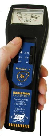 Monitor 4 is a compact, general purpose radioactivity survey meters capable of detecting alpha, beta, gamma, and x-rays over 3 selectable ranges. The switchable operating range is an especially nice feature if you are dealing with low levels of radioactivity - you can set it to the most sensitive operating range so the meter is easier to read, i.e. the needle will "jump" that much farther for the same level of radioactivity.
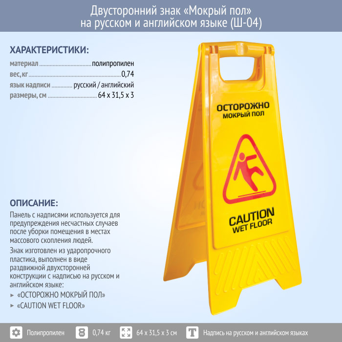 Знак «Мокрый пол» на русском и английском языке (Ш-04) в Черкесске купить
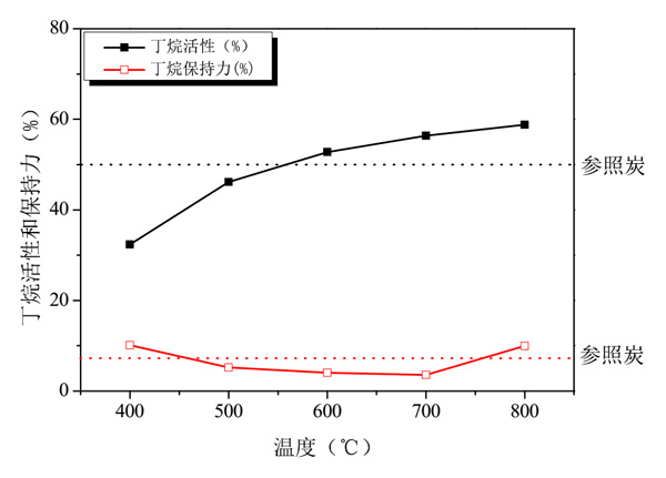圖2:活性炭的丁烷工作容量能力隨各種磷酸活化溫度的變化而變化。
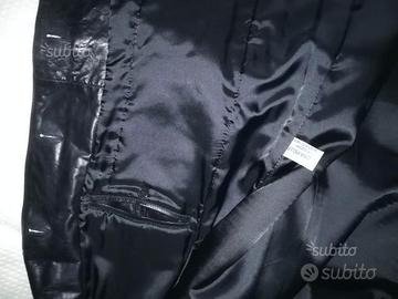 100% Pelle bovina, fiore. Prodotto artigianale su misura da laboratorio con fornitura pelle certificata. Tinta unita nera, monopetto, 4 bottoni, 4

□ □ □ □ □ □ □

Task requirements: Copy everything in the listing above exactly except the pictures.

Solved exercise:
 Monitor 4 is a compact, general purpose radioactivity survey meters capable of detecting alpha, beta, gamma, and x-rays over 3 selectable ranges. The switchable operating range is an especially nice feature if you are dealing with low levels of radioactivity - you can set it to the most sensitive operating range so the meter is easier to read, i.e. the needle will "jump" that much farther for the same level of radioactivity.
 Знак «Мокрый пол» на русском и английском языке (Ш-04) в Черкесске купить
圖2:活性炭的丁烷工作容量能力隨各種磷酸活化溫度的變化而變化。
 100% Pelle bovina, fiore. Prodotto artigianale su misura da laboratorio con fornitura pelle certificata. Tinta unita nera, monopetto, 4 bottoni, 4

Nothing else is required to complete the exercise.